The very first directors of the East India Company (EIC) knew as well as any modern CEO that they must always have an eye on their company’s reputation. Although they did not have to respond to Tweets, they faced other institutional pressures. During the period of special incorporation, charters of business enterprises such as the EIC often required the company to provide specific public benefits. So the EIC was as keen to defend the claim that its trade brought employment, maritime skills, and new markets for England as its critics were to condemn the company as an engine of private interest. By exploring this dynamic, my recent paper at the Saïd School investigated how legal environments have historically conditioned corporate behaviour through reputation. This exploration has implications not only for the changing law and society interface, but for current discussions of corporate social accountability.

Of course, the EIC’s seventeenth century charters did not reflect a precocious sense of corporate social responsibility as we might understand it. Instead, we encounter a very different conceptualization of the corporate form and the functioning of markets. To common lawyers of the seventeenth and eighteenth centuries the paradigmatic corporate forms were the town, trade society, or charity, which generated the bulk of lawsuits. So when contemporaries came to conceptualize trading corporations such as the Muscovy Company or the EIC, it was largely through the learning that had been established in case law of these other “lay corporations aggregate.” 

From this framework it was clear that a corporation — a town or trading concern — should “govern” its society and market. The language signaled that markets were not seen as self-regulating and abstract, but rather real, chaotic, and in the case of the EIC, distant and typically adversarial. The corporate government of foreign markets would secure an orderly trade, fund needed infrastructure, and prevent wily foreign merchants from dividing and conquering their English customers. This underlying conceptualization of the corporation, as a form of government that regulated markets, joined at the time with a sharpening analysis of empire and commercial power. Writers such as Richard Hakluyt (the Younger), who was directly employed by the EIC, observed the relationship between power and wealth, influence and trade. Thus the EIC could represent itself not only as a corporation establishing and governing its market, but one that did so in the wider, imperial interest of England and its people.

When contemporaries wanted to challenge monopolistic corporations such as the EIC they drew upon this institutional framework. Even from the earliest decades of the EIC’s existence, critics hurled charges that the directors pursued the trade only for the benefit of shareholders and hurt the public interest. During the trade depression of the 1620s, with parliamentary committees investigating, Gerard Malynes and Edward Misselden attacked the EIC’s reputation when they suggested that the company was draining England of much-needed silver and urged that the trade was “unprofitable for England.”  

The criticism was aimed at the EIC’s license to operate: according to the charter the grant of incorporation had been to promote “the Wealth of our People, … for the Increase of our Navigation, and the Advancement of lawful Traffick, to the Benefit of our Common Wealth…” As with other corporations, civic and commercial, a revocation clause had been inserted into the grant if the corporation was proven “not [to] be profitable” to the queen or the realm.
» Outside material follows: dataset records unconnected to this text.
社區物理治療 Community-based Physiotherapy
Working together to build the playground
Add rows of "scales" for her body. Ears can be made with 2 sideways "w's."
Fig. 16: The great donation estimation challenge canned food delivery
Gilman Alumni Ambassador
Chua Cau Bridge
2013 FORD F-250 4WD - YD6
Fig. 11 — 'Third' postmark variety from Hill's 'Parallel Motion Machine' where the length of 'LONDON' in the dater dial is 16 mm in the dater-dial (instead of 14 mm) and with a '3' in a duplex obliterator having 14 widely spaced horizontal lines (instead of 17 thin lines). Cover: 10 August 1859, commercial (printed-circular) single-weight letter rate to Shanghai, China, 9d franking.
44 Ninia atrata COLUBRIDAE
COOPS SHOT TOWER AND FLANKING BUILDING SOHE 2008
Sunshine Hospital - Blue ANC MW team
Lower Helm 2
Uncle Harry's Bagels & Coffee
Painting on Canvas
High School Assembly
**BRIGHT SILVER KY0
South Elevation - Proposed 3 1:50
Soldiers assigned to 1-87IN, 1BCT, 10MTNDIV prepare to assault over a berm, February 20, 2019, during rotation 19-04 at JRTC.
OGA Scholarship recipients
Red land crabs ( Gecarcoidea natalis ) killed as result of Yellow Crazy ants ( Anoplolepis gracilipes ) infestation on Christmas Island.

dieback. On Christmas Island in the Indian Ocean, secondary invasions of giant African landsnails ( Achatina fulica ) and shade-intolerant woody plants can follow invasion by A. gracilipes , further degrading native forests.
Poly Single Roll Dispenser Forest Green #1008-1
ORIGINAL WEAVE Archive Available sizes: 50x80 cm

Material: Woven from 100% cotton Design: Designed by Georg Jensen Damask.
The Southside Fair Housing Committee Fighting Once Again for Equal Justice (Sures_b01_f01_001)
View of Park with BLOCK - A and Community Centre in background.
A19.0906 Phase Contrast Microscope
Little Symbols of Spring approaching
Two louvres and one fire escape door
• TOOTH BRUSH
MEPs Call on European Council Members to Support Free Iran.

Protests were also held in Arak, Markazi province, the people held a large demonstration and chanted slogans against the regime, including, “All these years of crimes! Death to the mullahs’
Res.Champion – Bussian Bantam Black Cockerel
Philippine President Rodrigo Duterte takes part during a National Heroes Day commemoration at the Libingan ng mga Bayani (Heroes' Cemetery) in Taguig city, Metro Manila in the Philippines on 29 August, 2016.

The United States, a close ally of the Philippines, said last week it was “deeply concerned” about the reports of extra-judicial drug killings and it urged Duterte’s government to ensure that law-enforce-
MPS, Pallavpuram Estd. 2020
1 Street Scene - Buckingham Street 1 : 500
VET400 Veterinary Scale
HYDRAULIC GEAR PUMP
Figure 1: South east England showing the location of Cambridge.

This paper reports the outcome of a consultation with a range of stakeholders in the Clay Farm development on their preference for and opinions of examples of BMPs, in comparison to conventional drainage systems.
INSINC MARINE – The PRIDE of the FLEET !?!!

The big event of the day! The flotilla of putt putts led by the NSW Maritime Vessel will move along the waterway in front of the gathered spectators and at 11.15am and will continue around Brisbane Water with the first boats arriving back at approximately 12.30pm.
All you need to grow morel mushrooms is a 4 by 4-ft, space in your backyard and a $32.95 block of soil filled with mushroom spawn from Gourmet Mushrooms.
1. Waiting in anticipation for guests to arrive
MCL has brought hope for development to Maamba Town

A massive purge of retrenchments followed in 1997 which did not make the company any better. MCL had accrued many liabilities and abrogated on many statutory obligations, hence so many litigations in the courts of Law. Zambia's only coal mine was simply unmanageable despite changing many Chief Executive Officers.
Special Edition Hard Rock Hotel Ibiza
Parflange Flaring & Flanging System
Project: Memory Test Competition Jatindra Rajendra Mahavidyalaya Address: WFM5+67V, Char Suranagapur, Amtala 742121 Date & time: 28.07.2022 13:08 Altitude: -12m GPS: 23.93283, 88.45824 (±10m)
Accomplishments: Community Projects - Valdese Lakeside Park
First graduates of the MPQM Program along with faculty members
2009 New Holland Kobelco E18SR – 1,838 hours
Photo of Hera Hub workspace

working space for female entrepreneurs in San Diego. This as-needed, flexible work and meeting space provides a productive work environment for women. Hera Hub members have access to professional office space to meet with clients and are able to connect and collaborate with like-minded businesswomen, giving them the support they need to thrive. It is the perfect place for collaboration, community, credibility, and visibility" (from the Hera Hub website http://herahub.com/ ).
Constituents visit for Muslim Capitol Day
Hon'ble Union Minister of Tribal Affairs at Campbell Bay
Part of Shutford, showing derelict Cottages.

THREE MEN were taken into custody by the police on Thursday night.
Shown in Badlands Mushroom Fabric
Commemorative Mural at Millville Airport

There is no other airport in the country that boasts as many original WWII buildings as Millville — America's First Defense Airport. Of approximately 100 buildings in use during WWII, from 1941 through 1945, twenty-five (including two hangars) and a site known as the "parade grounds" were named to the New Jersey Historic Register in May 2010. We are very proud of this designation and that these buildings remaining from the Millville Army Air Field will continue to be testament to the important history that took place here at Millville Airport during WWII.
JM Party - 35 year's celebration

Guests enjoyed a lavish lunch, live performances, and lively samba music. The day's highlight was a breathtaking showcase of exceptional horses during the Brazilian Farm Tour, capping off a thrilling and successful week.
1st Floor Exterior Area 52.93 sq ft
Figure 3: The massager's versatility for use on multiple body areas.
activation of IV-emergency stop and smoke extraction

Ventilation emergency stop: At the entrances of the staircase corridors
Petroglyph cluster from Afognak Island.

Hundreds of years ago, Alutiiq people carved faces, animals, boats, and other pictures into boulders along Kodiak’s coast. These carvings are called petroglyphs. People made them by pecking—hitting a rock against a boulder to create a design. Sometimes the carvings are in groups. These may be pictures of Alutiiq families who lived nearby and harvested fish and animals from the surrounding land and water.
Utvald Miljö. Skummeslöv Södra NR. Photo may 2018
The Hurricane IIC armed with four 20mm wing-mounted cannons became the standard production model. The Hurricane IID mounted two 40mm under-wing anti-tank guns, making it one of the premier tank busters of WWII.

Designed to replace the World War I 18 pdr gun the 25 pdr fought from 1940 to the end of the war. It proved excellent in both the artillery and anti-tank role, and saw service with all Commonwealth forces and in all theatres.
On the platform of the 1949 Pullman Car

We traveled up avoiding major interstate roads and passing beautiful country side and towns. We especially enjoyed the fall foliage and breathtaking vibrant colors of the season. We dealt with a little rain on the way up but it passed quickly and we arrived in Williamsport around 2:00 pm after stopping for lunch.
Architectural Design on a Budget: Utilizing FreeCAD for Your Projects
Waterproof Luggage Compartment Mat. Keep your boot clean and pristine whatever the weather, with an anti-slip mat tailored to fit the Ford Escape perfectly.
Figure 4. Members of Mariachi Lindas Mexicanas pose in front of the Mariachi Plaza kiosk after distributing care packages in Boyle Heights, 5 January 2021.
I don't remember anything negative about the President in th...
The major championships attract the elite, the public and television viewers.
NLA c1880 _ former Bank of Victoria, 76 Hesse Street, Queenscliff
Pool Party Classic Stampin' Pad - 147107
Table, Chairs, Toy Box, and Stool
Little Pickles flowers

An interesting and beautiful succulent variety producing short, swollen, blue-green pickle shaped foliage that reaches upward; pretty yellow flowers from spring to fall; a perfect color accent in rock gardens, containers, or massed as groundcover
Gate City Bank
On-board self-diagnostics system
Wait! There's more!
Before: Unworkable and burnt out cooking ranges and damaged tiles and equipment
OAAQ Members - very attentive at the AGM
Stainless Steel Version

But the EIC was quick to defend its reputation against detractors. Thomas Mun, himself a director of the company, was among those who responded, reminding his readers of the many benefits the company provided. The EIC ultimately prevailed in the 1620s by providing information to defend its export of silver and projecting an image of responsible behaviour.

My larger, book-length project explores these linkages among reputation, law, and institutional context. As the historical analysis demonstrates, social accountability can be understood within very different institutional configurations, many now firmly rejected. But this research also suggests how regulatory frameworks can indirectly affect reputation, and by extension, corporate behaviour. The implication for corporate social accountability is the possibility of further illuminating this intersection between reputation, law and social responsibility.

David Chan Smith is Associate Professor at Wilfrid Laurier University.